When the workers complained, government took them to the industrial court, where the matter has laid since then. Workers had, in January this year, served notice of embarking on strike over the development, but were prevailed on to consider general interests, especially the election. There was also the alleged promise that incoming administration would look into the matter.
Although, government had been meeting with payment of salaries, other benefits like leave and pension allowances, among other benefits, have not received priority attention from government.
Osmond Ugwu, a labour leader in the state, has described the wage being paid to workers as ‘slave wage’. He stated that several amount of money go into frivolities while the workers continue to suffer. He said a director in the state civil service does not go home with N60,000 at the end of the month, does not have official vehicle, while political appointees ‘swim in millions and own official cars.’
Recently, there was uproar over N11 billion loans it applied to secure from some commercial banks, which government claimed, would help it complete projects it started. This is aside another N5 billion it reportedly secured towards the beginning of the first tenure.
There were also records from the Debt Management Office that the state’s debt, as at January 2014, was N12.016 billion. It is being feared that the state government might incur about N30 billion as debt before it leaves office in May this year.
To further survive the regime of reduction in revenue and drop in oil prices, state and local councils have continued to partner in projects, by contributing to counterpart funding. However, one disadvantage this has created is that many council chairmen now rely on it to exploit and owe workers.
For instance, several councils in the state are indebted to workers in salary and other allowances. Those who pay make unexplained deductions to the workers. Nsukka local government appears to be the worst hit, as it has reportedly not paid salary since December last year.

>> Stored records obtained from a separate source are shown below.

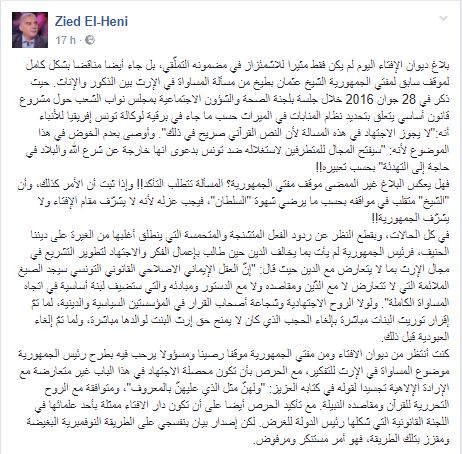 وتابع الهاني "فهل يعكس البلاغ غير الممضى موقف مفتي الجمهورية؟ المسألة تتطلب التأكد!! وإذا ثبت أن الأمر كذلك، وأن "الشيخ" متقلب في مواقفه بحسب ما يرضي شهوة "السلطان"، فيجب عزله لأنه لا يشرّف مقام الإفتاء ولا يشرّف الجمهورية!!، مشدّدا على أنّ " إصدار بيان بنفسجي على الطريقة النوفمبرية البغيضة ومقزز بتلك الطريقة، فهو أمر مستنكر ومرفوض".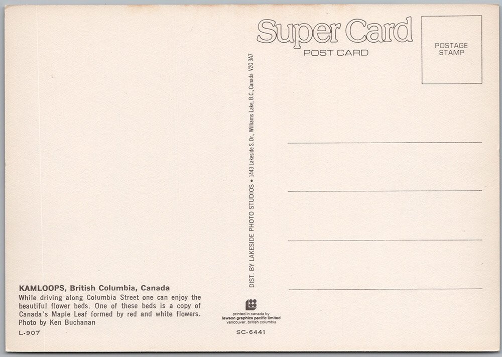 This vintage postcard showcases a vibrant floral display shaped like Canada's iconic Maple Leaf, located along Columbia Street in Kamloops, British Columbia. The colorful flower bed features red and white blooms meticulously arranged to represent the Canadian flag, offering a unique and charming glimpse into Canadian horticultural artistry and patriotism. Printed as a lithograph by Lawson Graphics Pacific Limited in Vancouver, British Columbia, this postcard is part of the Super Card series distributed by Lakeside Photo Studios. The card measures a continental size of 6 x 4 inches, making it an ideal collectible for enthusiasts of Canadian landscapes and vintage postcards. The back includes a brief description of the scene and the photographer credit to Ken Buchanan, adding provenance to this delightful piece. Perfect for collectors interested in Canadian memorabilia, floral art, or mid-20th century postcards, this item captures a serene moment in Kamloops with historical and regional significance. It is an original printed lithograph postcard, unposted, suitable for display or sending to friends and family as a nostalgic reminder of Canada's natural beauty and cultural pride.Please zoom into and look closely at the front and back photos to view condition and feel free to send me a message if you have any questions. Thanks kindly for viewing, D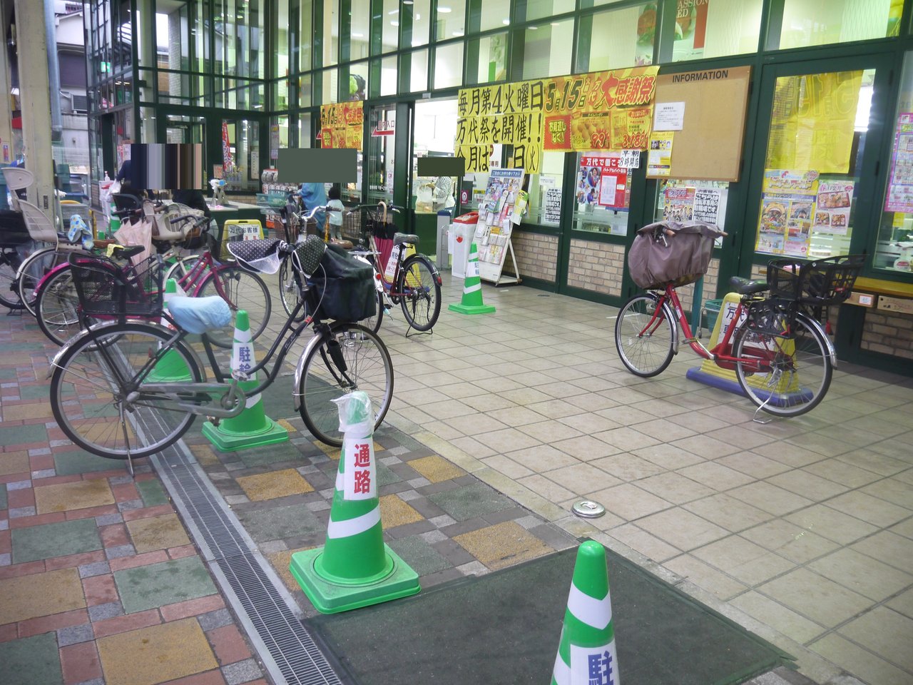 強い雨の天気となった5月13日(日)にベル大利商店街を通りかかると、万代寝屋川店の駐輪場がガランとしていました。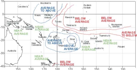Broad-scale rainfall patterns and anomalies in the southern tropical Pacific area estimated from the state of large-scale regional climate factors, such as La Niña or El Niño, their effect on the South Pacific and Tropical Convergence Zones, surface and sub-surface sea temperatures, and computer models of the global climate. Rainfall estimates for the next three months for Pacific Islands are given in the adjacent table. The terciles (e.g. 20:30:50) are derived from the interpretation of several global climate models. They correspond to the lowest (driest) one third of the rainfall distribution, the middle one third, and the highest (wettest) one third of the distribution. On the long-term average, rainfall is equally likely (33% chance) in any tercile. The probabilities shown express the expected shift in the distribution from the long-term average, based on predictions of oceanic and atmospheric conditions. The amount of inter-model forecast consistency is indicated by the levels of confidence expressed in the table.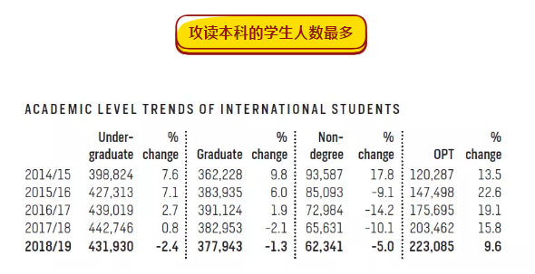 2019年“开放门户”报告显示,赴美留学的近110万国际生当中,读本科的人数最多,约为43.2万人, 下降了 2.4 % ,而攻读研究生学位的人只有约37.8万人,下降了1.3%。 非学位项目的学生人数下降了5.0%,为62341人。

A government official told The Guardian on condition of anonymity that government was trying to shore up her internally generated revenue as a way of continuing with development projects.

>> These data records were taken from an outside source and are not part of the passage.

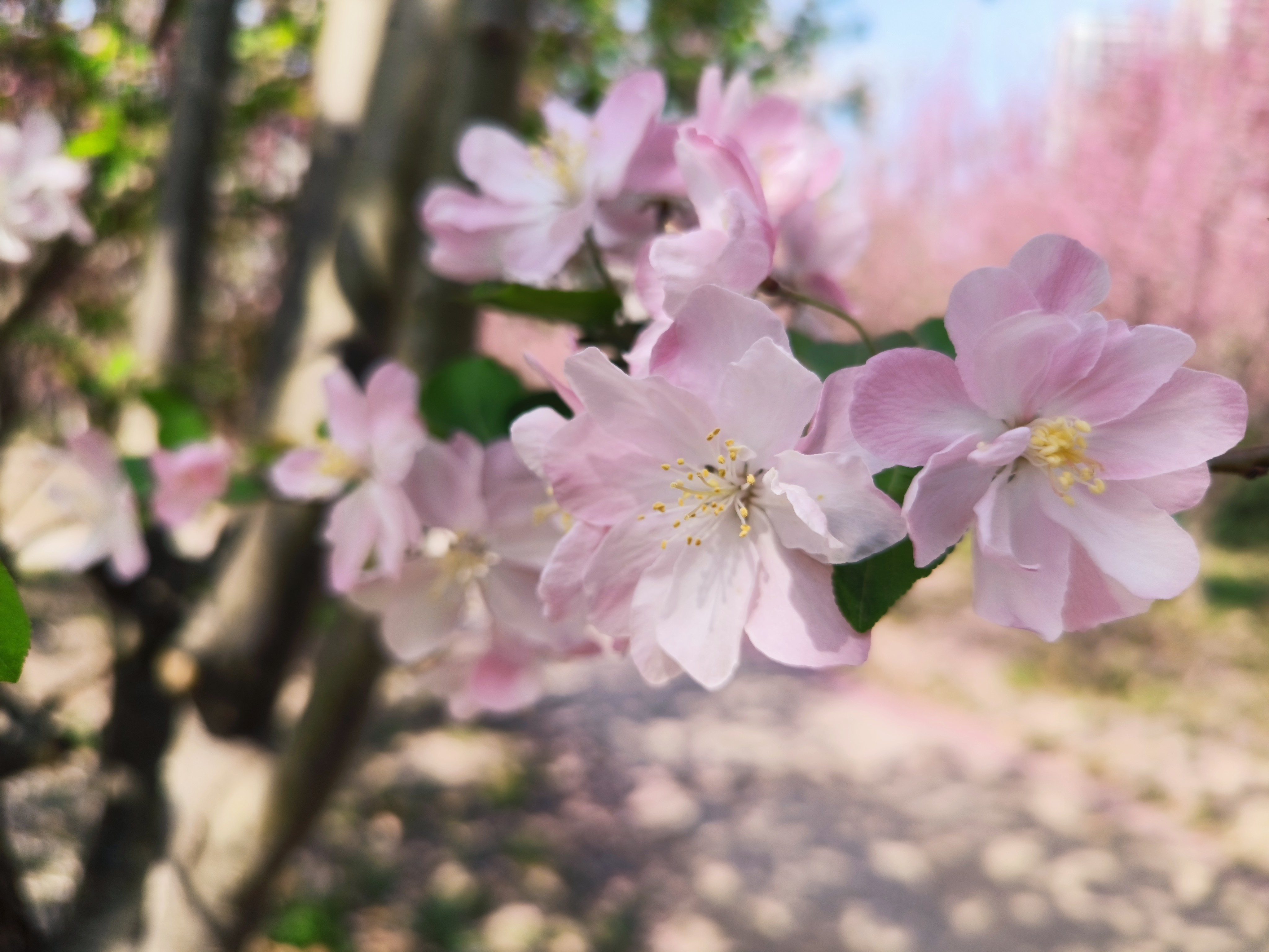 由粉红色逐渐变为白色的的垂丝海棠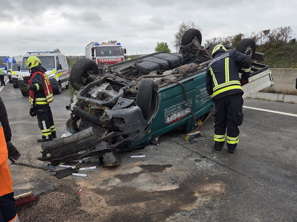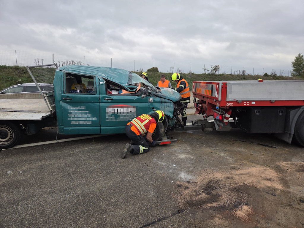 Last und Rüstlösch Wolkersdorf sind wenig später am Weg zum Unfallort – durch eine perfekt gebildete Rettungsgasse. Die Menschenrettung aus der am Dach liegenden Pritsche war durch die Feuerwehr Hochleithen bereits durchgeführt, das verletzte Unfallopfer wurde mit dem Notarzthubschrauber ins Krankenhaus geflogen.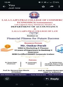 During the academic year 2024–25, Lala Lajpatrai College of Law organized a series of insightful guest lectures and workshops aimed at enriching students’ academic and practical knowledge. On 25th September 2024, a seminar on “Financial Fitness for Future Success” was held to promote financial literacy and investor awareness.. A series of guest lectures followed in the second term: on 4th January 2025, Dr. Chhaya Shah spoke on “Consumer Protection,” and on 6th January, Advocate Savitri Dhanesha addressed the importance of “Legal Language.” Advocate Namrata Maru delivered a lecture on “White Collar Crimes” on 8th February 2025, followed by a session on “Women Empowerment” by Advocate Shaili Mazoomdar on 8th March. On 10th March, Advocate Anshul Shah conducted a lecture on “Arbitration,” and the academic year concluded with a workshop on 18th March 2025 titled “SEBI Investor Awareness Program” led by Prof. Aiman Masood. These events offered students valuable insights into contemporary legal and financial topics, supporting both their academic growth and practical understanding.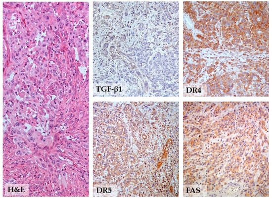 Immunohistochemical analysis was performed using the primary antibodies to DR4 (rabbit polyclonal antibody to DR4 at dilution of 1:100, ab8414, Abcam, Cambridge, UK), DR5 (rabbit polyclonal antibody to DR5 at dilution of 1:200, ab8416, Abcam, Cambridge, UK), FAS (mouse monoclonal antibody to FAS at dilution of 1:100, Santa Cruz Biotechnology, Santa Cruz, CA, USA), and TGF-β1 (mouse monoclonal antibody at dilution of 1:40, clone TGFB17, Leica Biosystems, Newcastle, UK). The analysis and interpretation of immunohistochemical stains were performed on the light microscope (Olympus BX43, Olympus Corporation, Tokyo, Japan) and digital photographs that were acquired using the imaging system (Olympus cellSens platform standard, Olympus Corporation, Tokyo, Japan). For each core tumor sample, the percentage of stained tumor cells was calculated. Staining intensity was graded using a scale of 0 to 3 (0, no staining; 1, weak; 2, moderate; and 3, intense). For the purposes of statistical analysis, the immunoexpression status of the examined markers was dichotomized into high expression and low expression, which included absent staining or expression under the designated threshold. Death receptor expression (DR4, DR5, and FAS) was considered high if at least ≥25% of tumor cells showed positive expression of moderate or strong brown color intensity. The immunoexpression of TGF-β1 was recorded as high if at least 50% of cancer cells were stained with intermediate or strong intensity.

He explained, “right now there is a marching order on the ministries and agencies to ensure that every kobo of government is recovered as the alternative to meeting our financial stress.”
He continued: “If you look at our budget this year, you will discover that it is higher than our proposal last year. What it means is that for us to faithfully implement that budget with the daily drop in revenue, we will need to tighten a lot of things and approach it in order of priority.”
Speaking specifically for his ministry, he said no release has been made to it this year, stressing that he had relied on funds generated internally to run the place, while capital projects have not been implemented.